La situación que padecieron y que aún padecen algunos de ellos no es fácil, ya que la mayoría se han encontrado en un estado de indefensión jurídica notoria, sin ningún tipo de derecho propio de un Estado democrático y bajo la incertidumbre de una situación que los convierte, en definitiva, en ciudadanos inexistentes. Esta indefensión se acentúa desde un punto de vista jurídico, ya que, sin juicio previo, el deportado ha sido previamente juzgado y condenado de por vida sin ningún derecho a la defensa.

En un primer momento todos ellos fueron exiliados en el Estado francés, donde compartían, a pesar de su condición, un territorio natural, Ipar Euskal Herria, y una pertenencia social a una comunidad política activa, lo que hizo preservar su propia cohesión. Tras la decisión de utilizar la deportación, estas sesenta personas fueron expulsadas a terceros países diferentes entre sí. Una medida que tanto el Estado español como el francés plantearon con el interés de romper la cohesión del colectivo.

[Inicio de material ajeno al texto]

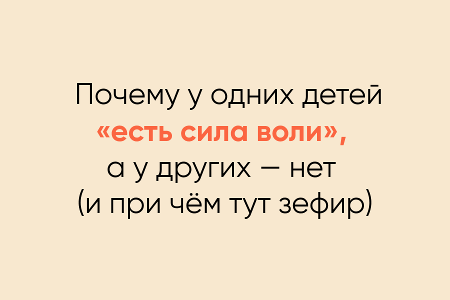 Наша с вами задача — сделать так, чтобы ребёнку было безопасно проявлять волю и откладывать удовольствие (отказываться от одной зефирки ради двух в будущем).

De la distancia que acarreaban las expulsiones surgió un primer desarraigo geográfico, que más tarde dio paso a otros de tipo cultural, psicológico y comunicacional. Estas personas viven en un espacio de indefensión y desorientación generalizada. Para ellos, tanto el presente como el futuro son inciertos y marcados por una incógnita que se acrecienta con las oleadas represivas del Estado español y francés, como la actual situación en la que Madrid ha solicitado la entrega de la mayoría de ellos.

A día de hoy, 18 deportados vascos continúan en el destierro, sin que numerosos ciudadanos vascos conozcan incluso esta realidad. De aquellos sesenta, siete de ellos han conocido el lado más dramático de la deportación: la muerte a miles de kilómetros de sus lugares de origen. El último: Endika Iztueta.